With the Unicode implementation and the subclassing support for builtin types, it is possible to add support without having to go through all the hoops and discussions on python-dev or py3k lists.

I'm also for making Python faster, but not if it limits future optimizations and produces dead-ends. The fact that such optimizations haven't been implemented yet doesn't really mean anything either - people are not yet using Unicode intensively enough to let the need arise.

pitrou commented 16 years ago

Well, I'm not gonna try to defend my patch eternally :) I understand your opinion even if I find a bit disturbing that we refuse a concrete, actual optimization on the basis of future hypothetical ones.

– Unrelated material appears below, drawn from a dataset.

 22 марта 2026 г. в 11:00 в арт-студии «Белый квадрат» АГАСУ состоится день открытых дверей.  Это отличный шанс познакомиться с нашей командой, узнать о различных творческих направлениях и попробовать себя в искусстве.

Since all the arguments have been laid down, I'll let other developers decide whether further discussion of this proposal is useful or not.

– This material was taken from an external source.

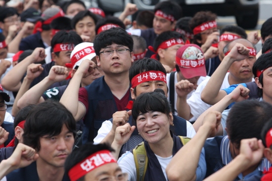 이어 "다음주 희망버스 타고 비정규직철폐 투쟁에 나설 것"이라며 "전국 비정규직 사업장 돌면서 자본가들의 가슴을 서늘하게 만들어야 한다. 학생 시민들과 함께 하는 사회적 투쟁, 비정규직 철폐투쟁을 만들어가자"고 호소했다.

malemburg commented 16 years ago

Regarding the benchmark: You can instrument a 2.x version of the interpreter to build the data set and then have the test load this data set in Py3k and have it replay the allocation/deallocation in the same way it was done on the 2.x system.

I also expect that patch bpo-2321 will have an effect on the performance since that patch changed the way memory allocation of the buffer was done (from using the system malloc() to using pymalloc's allocator for the buffer as well).

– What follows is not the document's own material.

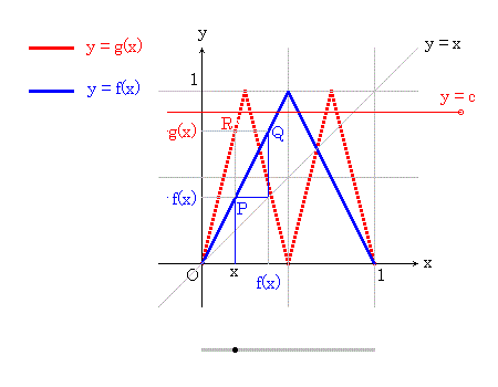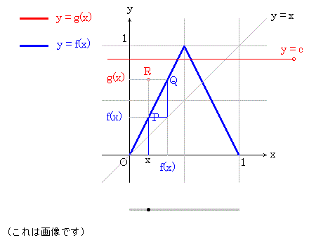 関数 f(x) = -| 2x - 1 | + 1 ( 0≦x≦1 ) を用いて, 関数 g(x) = -| 2 f(x) - 1 | + 1 ( 0≦x≦1 ) を 考える.0<c<1 のとき,g(x) = c を満たす x を 求めよ. g(x) = f( f(x) ) は f(x) と f(x) の合成関数. ( 2 つ折りして 2 倍に引き延ばすというパイ生地 作りの変換 f(x) を 2 度行う −−−→ カオス) ある x に対し,3 点 P ( x,f(x) ),Q ( f(x),g(x) ), R ( x,g(x) ) が次々に作図できます. グラフ(gif) 戻る |

pitrou commented 16 years ago

You are right, bpo-2321 made the numbers a bit tighter:

With a small string: ./python -m timeit -s "s=open('INTBENCH', 'r').read()" "s.split()" -> Unpatched py3k: 23.1 usec per loop -> Freelist patch: 21.3 usec per loop -> PyVarObject patch: 20.5 usec per loop

With a medium-sized string: ./python -m timeit -s "s=open('LICENSE', 'r').read()" "s.split()" -> Unpatched py3k: 406 usec per loop -> Freelist patch: 353 usec per loop -> PyVarObject patch: 314 usec per loop

With a long string: ./python -m timeit -s "s=open('Misc/HISTORY', 'r').read()" "s.split()" -> Unpatched py3k: 22.7 msec per loop -> Freelist patch: 24 msec per loop -> PyVarObject patch: 20.6 msec per loop

stringbench3k: -> Unpatched py3k: 266 seconds -> Freelist patch: 264 seconds -> PyVarObject patch: 249 seconds

Regarding your benchmarking suggestion, this would certainly be an interesting thing to do, but I fear it is also much more than I'm willing to do...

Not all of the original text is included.